Relatos dominicales
Miguel Valera
A pesar de que desde niña su madre le dijo que su padre se había muerto, Aurora sentía un hueco en el corazón por la ausencia de quien le había dado la vida. Un día su tía Chole le contó que no estaba muerto, que una mañana fría de invierno tomó sus cosas y se fue a vivir “allá por Alvarado o Tlacotalpan; la verdad es que no sé muy bien”, le soltó a bocajarro.
Aurora era una mujer muy guapa que hacía honor a su nombre. La conocí una tarde de verano en La palapa del Artista, escuchando los versos que Nicolás Ventura le dedicó, admirado de su belleza: Aurora lleva por nombre / lo digo aquí en Alvarado / es mi verso obligado / su belleza, de renombre, / no hay uno que no se asombre / ¡Bienvenida a nuestra tierra! / Mujer con ojos tan bellos / son de Dios estos destellos / ¿pampanito o una sierra? / porque al mar uno se aferra.
Fui su mesero ese día. Le ofrecí un caldito de camarón de entrada y una posta de robalo a la veracruzana, que era lo que a mí más me gustaba. Aceptó sin chistar, con una sonrisa que nunca olvidaré. De postre pidió plátanos fritos y le llevé de cortesía un vasito con torito de guanábana. Se ve que le encantó porque me lanzó una mirada de “quiero más”, lo que hice con mucho gusto. Ese día me gané su confianza porque me pidió que le acompañara a recorrer la ciudad.

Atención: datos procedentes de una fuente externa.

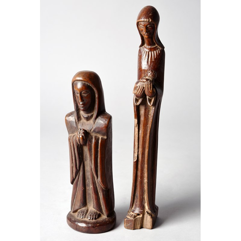 and a West African praying Virgin Mary, 23.5cm high. (2)
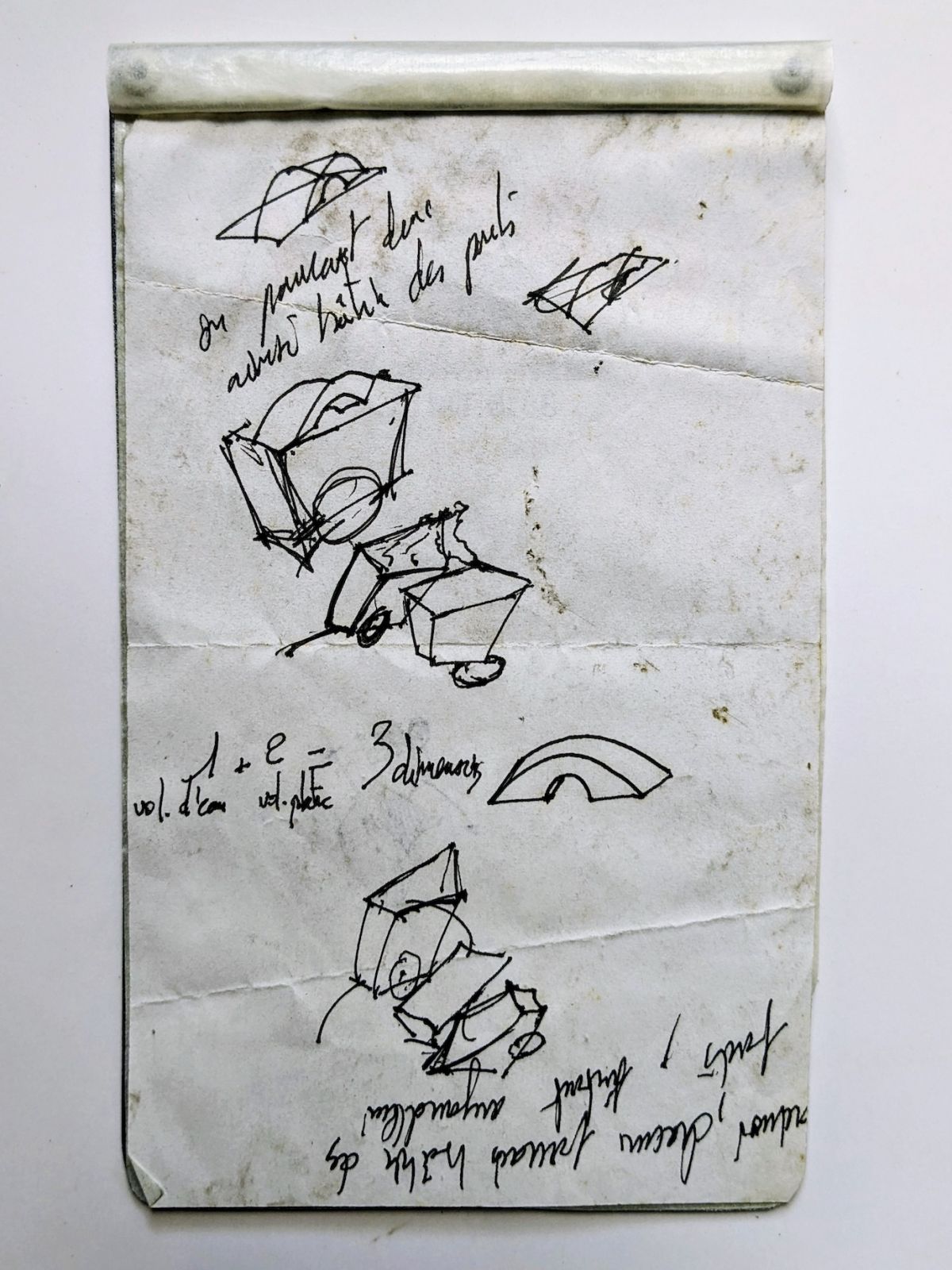 Dessin sur papier de fortune pour Permis de construire n°1 Deux pour un, 1992

No hay mucho que ver, le dije, mientras caminábamos en el parque central y le mostraba la Parroquia de Nuestra Señora del Rosario contándole la anécdota de que en alguna ocasión un gobernador, que tenía amistad con el párroco, llegaba con maletas de dinero y le repartía a la gente. Luego se iba y le decía al cura que siguiera entregando, pero el religioso se metía a la sacristía, ponía los fajos de billetes en una mesa y serio, en modo oración, decía: Señor, lo que agarres es tuyo y los lanzaba al cielo. Obvio, Dios nunca aparecía para tomar un solo fajo.
Mientras caminábamos por el malecón, ya cuando había ganado su confianza, Aurora me contó que venía buscando a su padre. De su bolso de mano me enseñó una foto y un acta de nacimiento donde se leía el nombre de Julián López Rodríguez. Me quedé sorprendido. Se llama Julián y sé que se vino a vivir a este pueblo, me dijo. Le pedí que me permitiera hacer un registro con mi teléfono y esa noche no dormí. Al otro día, cuando pude fui a casa de “Julia”, un amigo transexual que conocía de hace muchos años y le pregunté si en su vida pasada había tenido una hija. Lo negó.
Pues hay una chica en el pueblo que anda preguntando por Julián López Rodríguez. ¿No es ese tu nombre? “Julia” se sonrojó y aunque sorprendida, aceptó que sí, que en efecto ese era su nombre. “Pero cómo puede ser”, me dijo, mientras me tomaba de los hombros. No lo sé, le contesté, pero hay una chica que trae un acta de nacimiento con ese nombre y una foto de un hombre que se parece mucho a ti.
“Julia” (Julián) había tenido en efecto “otra vida”. Estuvo casado y un día se fue de su casa sin saber que su pareja estaba embarazada. Se fue siguiendo su destino, su deseo de ser mujer, guardado por muchos años. En Alvarado, donde hizo una nueva vida, al lado de un varón, jamás se imaginó que el destino lo alcanzaría. Lo convencí de que la viera, que platicara con ella y se desengañara. El día que caminamos hacia el malecón, para el encuentro, por poco se arrepiente, pero lo convencí de que Aurora lo necesitaba y que seguramente respetaría su decisión de ser mujer, pero tenía que mirarla a los ojos y decírselo.